## Task to complete
Start with the line that holds "Lietuvos rankinio lygos". Please copy it and each remaining line below exactly, leaving pictures out.

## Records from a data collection

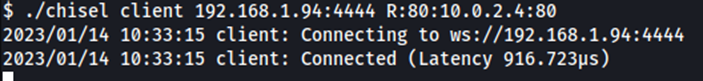 El siguiente paso será enviar un ejecutable de Chisel a la máquina Symfonos 1 utilizando el servidor Python HTTP que utilizamos anteriormente, darle permisos de ejecución y ejecutarlo de la siguiente manera:
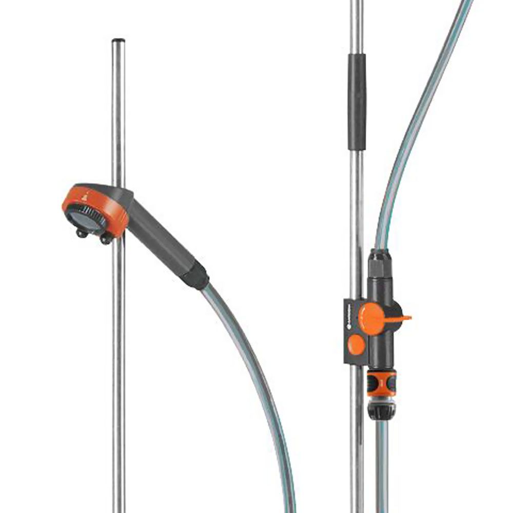 DUCHA DE JARDÍN TRIO SOBRE TRÍPODE GARDENA. MEDIDA: 220cm (alto). CHORRO LARGO Y DULCE O CHORRO NEBULIZANTE CON AJUSTE STOP. LA ALCACHOFA DE LA DUCHA, FLEXIBLE Y EXTRAÍBLE, ESTÁ CONECTADA A UNA MANGUERA DE 1,3m DE LARGO Y DA MÁS LIBERTAD PARA DUCHARSE.
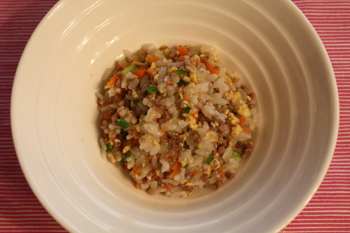 パラパラの焼き飯になります。人間用だとお水の代わりにお酒でくぐらせると
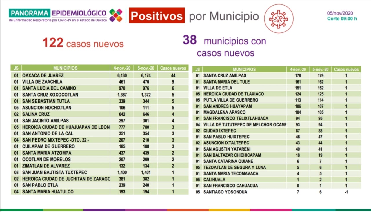 Respecto a los municipios que notificaron casos nuevos, enlistó que Oaxaca de Juárez encabeza la lista con 44 diagnósticos, seguido de Villa de Zaachila con nueve, Santa Lucía de Camino con seis, así como Santa Cruz Xoxocotlán, San Sebastián Tutla y Asunción Nochixtlán con cinco pacientes respectivamente, el resto cuatro, tres, dos y uno.
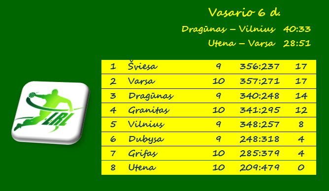 Lietuvos rankinio lygos lyderę Vilniaus „Šviesą“ besivejančios komandos šeštadienį iškovojo po du taškus. Tiesa, Alytaus „Varsai“ dėl jų išlieti daug prakaito nereikėjo – dzūkai išvykoje sutriuškino autsaiderę „Uteną“ 51:28. Tuo tarpu stipriausias praėjusio dešimtmečio Lietuvos klubas Klaipėdos „Dragūnas“ turėjo gerokai pasistengti, kad nugalėtų „Vilnių“ 40:33.
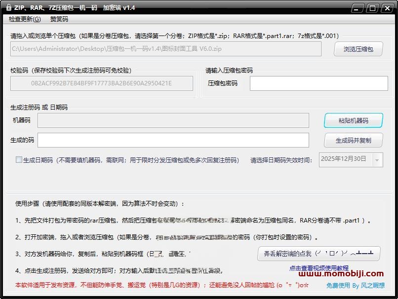 一机一码加密工具,支持RAR、ZIP、7z格式,有效防止资源/文件盗用!

## Answer box
 Lietuvos rankinio lygos lyderę Vilniaus „Šviesą“ besivejančios komandos šeštadienį iškovojo po du taškus. Tiesa, Alytaus „Varsai“ dėl jų išlieti daug prakaito nereikėjo – dzūkai išvykoje sutriuškino autsaiderę „Uteną“ 51:28. Tuo tarpu stipriausias praėjusio dešimtmečio Lietuvos klubas Klaipėdos „Dragūnas“ turėjo gerokai pasistengti, kad nugalėtų „Vilnių“ 40:33.
 一机一码加密工具,支持RAR、ZIP、7z格式,有效防止资源/文件盗用!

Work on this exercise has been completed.